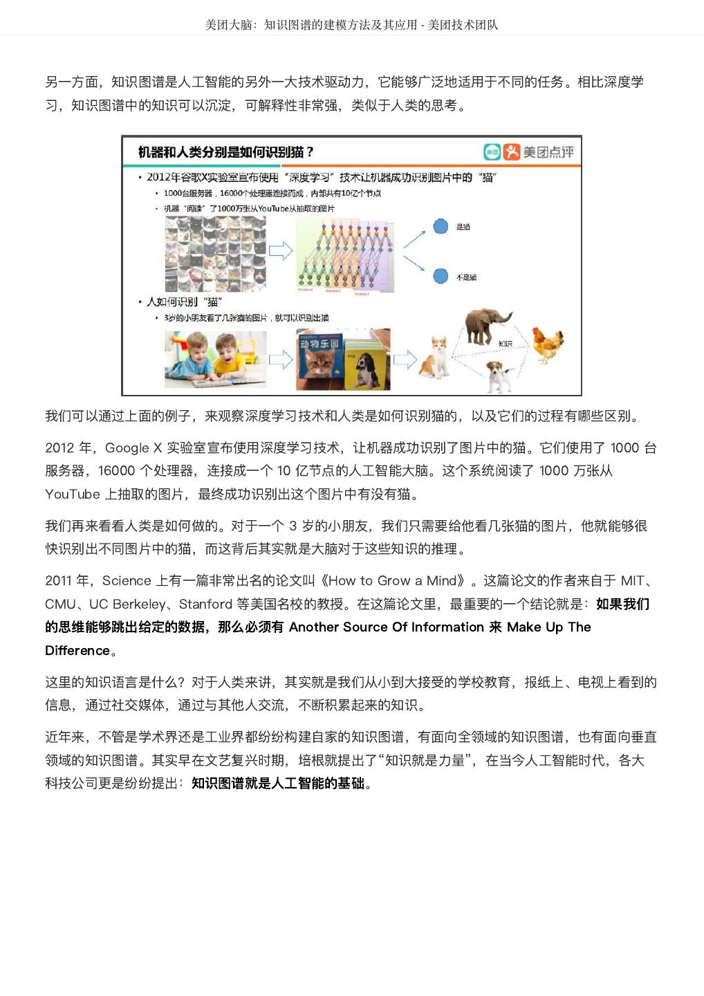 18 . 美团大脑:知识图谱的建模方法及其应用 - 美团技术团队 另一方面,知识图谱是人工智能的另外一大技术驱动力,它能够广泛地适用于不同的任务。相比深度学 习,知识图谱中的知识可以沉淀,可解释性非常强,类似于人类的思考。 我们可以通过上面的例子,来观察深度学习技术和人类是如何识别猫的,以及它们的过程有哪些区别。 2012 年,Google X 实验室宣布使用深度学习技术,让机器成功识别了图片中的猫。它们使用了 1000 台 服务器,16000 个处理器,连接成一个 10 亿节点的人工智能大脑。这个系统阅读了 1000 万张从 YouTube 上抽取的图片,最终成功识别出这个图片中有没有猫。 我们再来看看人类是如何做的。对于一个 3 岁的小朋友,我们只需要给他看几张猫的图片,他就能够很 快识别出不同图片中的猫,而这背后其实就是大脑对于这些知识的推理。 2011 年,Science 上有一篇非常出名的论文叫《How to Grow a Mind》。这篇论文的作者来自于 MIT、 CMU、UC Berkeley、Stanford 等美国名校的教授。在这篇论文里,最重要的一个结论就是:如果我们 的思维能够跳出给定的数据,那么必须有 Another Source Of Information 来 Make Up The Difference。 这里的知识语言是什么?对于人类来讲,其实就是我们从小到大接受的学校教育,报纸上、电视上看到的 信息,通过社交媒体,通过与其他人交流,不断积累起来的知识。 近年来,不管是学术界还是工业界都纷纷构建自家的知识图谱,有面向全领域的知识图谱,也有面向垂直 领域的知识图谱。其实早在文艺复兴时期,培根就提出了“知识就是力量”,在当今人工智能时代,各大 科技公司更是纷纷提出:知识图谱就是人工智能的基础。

--------------------------------------------------

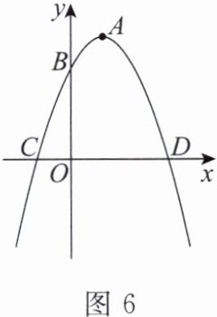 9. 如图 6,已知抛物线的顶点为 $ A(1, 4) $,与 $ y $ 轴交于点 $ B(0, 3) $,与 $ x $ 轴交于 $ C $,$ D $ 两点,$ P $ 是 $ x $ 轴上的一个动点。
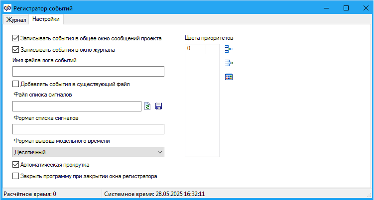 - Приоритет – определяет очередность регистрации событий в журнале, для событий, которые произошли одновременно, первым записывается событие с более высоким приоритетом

--------------------------------------------------

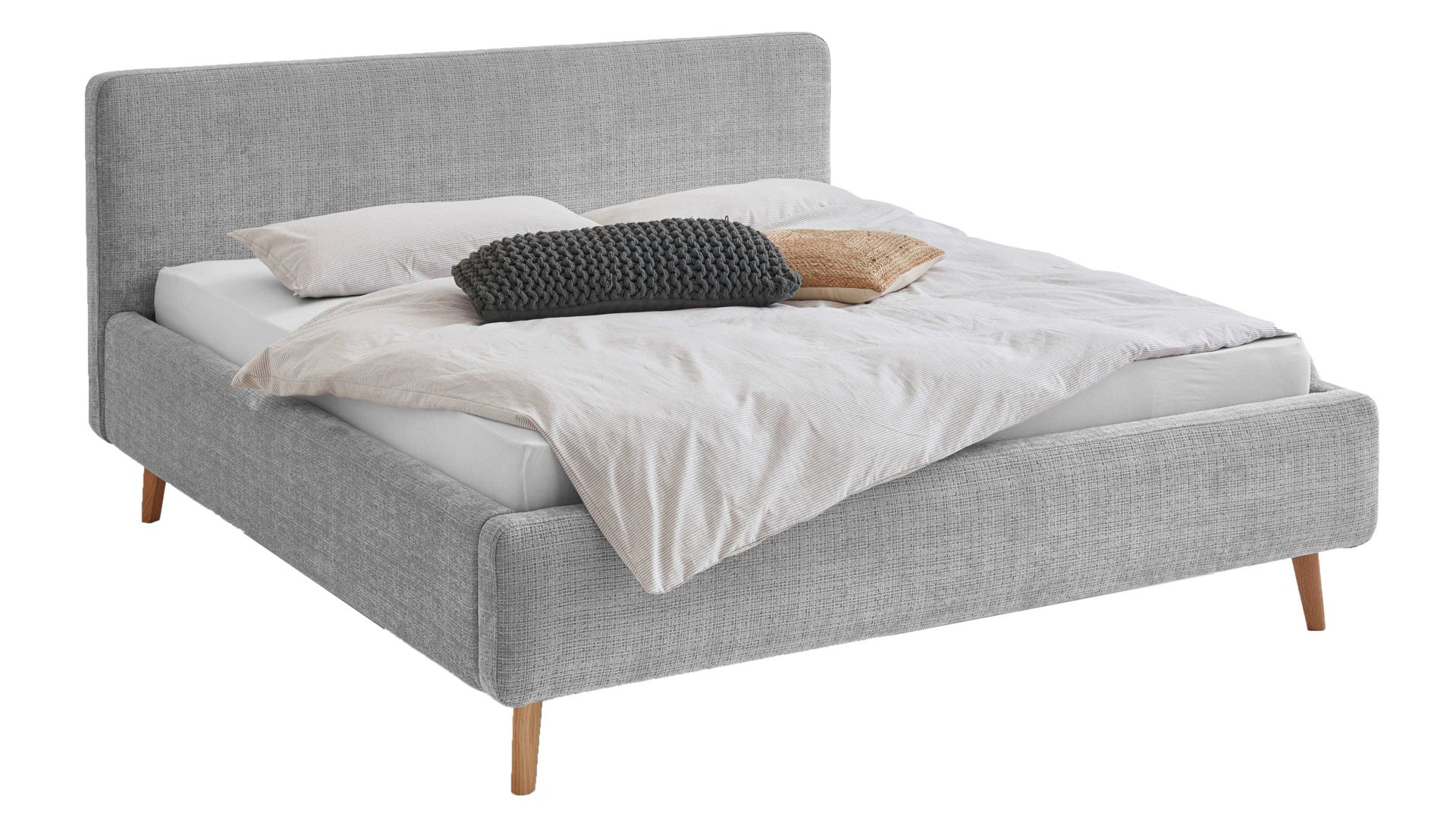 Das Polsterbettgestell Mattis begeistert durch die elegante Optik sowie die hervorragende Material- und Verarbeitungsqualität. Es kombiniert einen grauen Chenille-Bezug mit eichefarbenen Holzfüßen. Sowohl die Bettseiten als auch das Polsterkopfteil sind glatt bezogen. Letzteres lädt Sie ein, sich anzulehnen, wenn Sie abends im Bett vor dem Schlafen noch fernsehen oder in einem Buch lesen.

--------------------------------------------------

* _Exercise objective_: Reproduce exactly the lines above starting at the line containing "9. 如图 6,已知抛物线的顶点为" and ending at the line containing "- Приоритет –", including both, but not the pictures.

* _Answer space_:
 9. 如图 6,已知抛物线的顶点为 $ A(1, 4) $,与 $ y $ 轴交于点 $ B(0, 3) $,与 $ x $ 轴交于 $ C $,$ D $ 两点,$ P $ 是 $ x $ 轴上的一个动点。
 - Приоритет – определяет очередность регистрации событий в журнале, для событий, которые произошли одновременно, первым записывается событие с более высоким приоритетом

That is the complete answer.